[Task brief]
Only an exact copy of the lines from the one containing "Perfect for:** •" through the last line of the material below belongs in the answer, with no pictures.

--- Input data ---

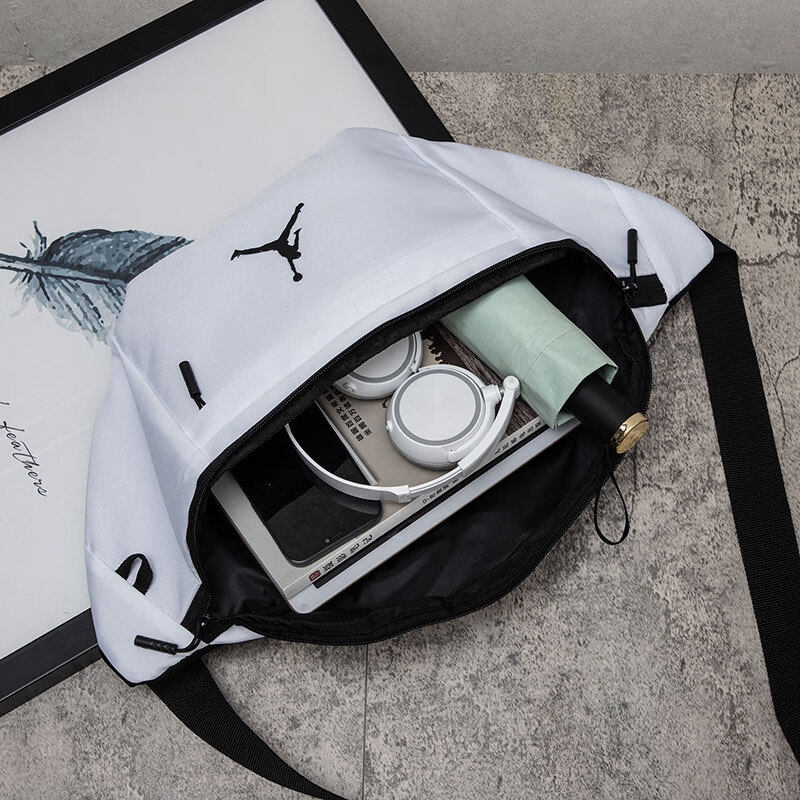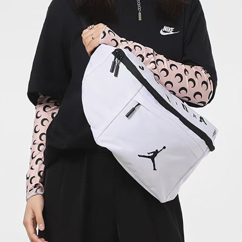 Jordan腰包耐克正品斜挎包(型号DR2919)是一款融合经典运动风格与现代休闲设计的时尚单品。采用高品质耐磨面料,轻便耐用,适合日常出行、运动或旅行使用。包身印有醒目Jumpman标志,彰显品牌辨识度。多隔层设计合理,主袋可容纳手机、钱包、钥匙等随身物品,前副袋便于快速取放小物件。可调节肩带支持斜挎、胸包或单肩多种背法,男女皆宜。简约黑、灰、军绿等配色百搭易衬,兼顾实用性与潮流感,是Jordan爱好者及追求个性穿搭人群的优选配件。
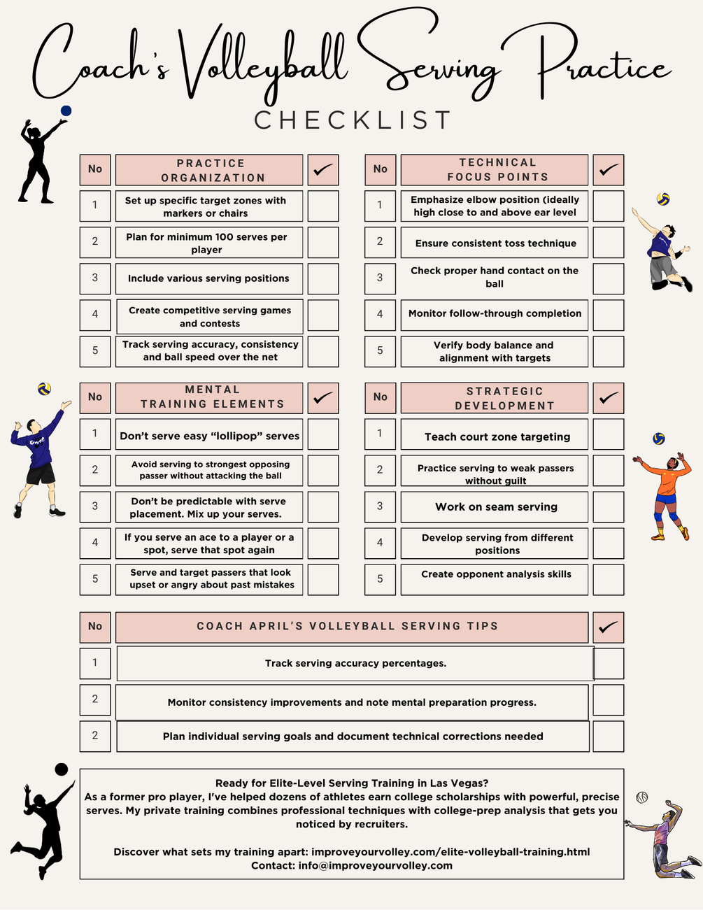 Perfect for:** • First-generation volleyball families who want to help effectively • Coaches developing systematic serving programs • Parents wanting to provide meaningful, informed support • Volleyball families committed to comprehensive player development • Teams seeking strategic serving advantages through coordinated support
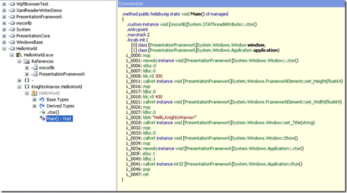 如果對MSIL比較熟悉的朋友,也可以用記事本寫同樣功能的IL代碼,由于沒有對WPF窗體的IL做具體研究,所以用Console程序代替,等過一段時間再研究WPF控件的IL代碼.

---

[Reply]
 Perfect for:** • First-generation volleyball families who want to help effectively • Coaches developing systematic serving programs • Parents wanting to provide meaningful, informed support • Volleyball families committed to comprehensive player development • Teams seeking strategic serving advantages through coordinated support
 如果對MSIL比較熟悉的朋友,也可以用記事本寫同樣功能的IL代碼,由于沒有對WPF窗體的IL做具體研究,所以用Console程序代替,等過一段時間再研究WPF控件的IL代碼.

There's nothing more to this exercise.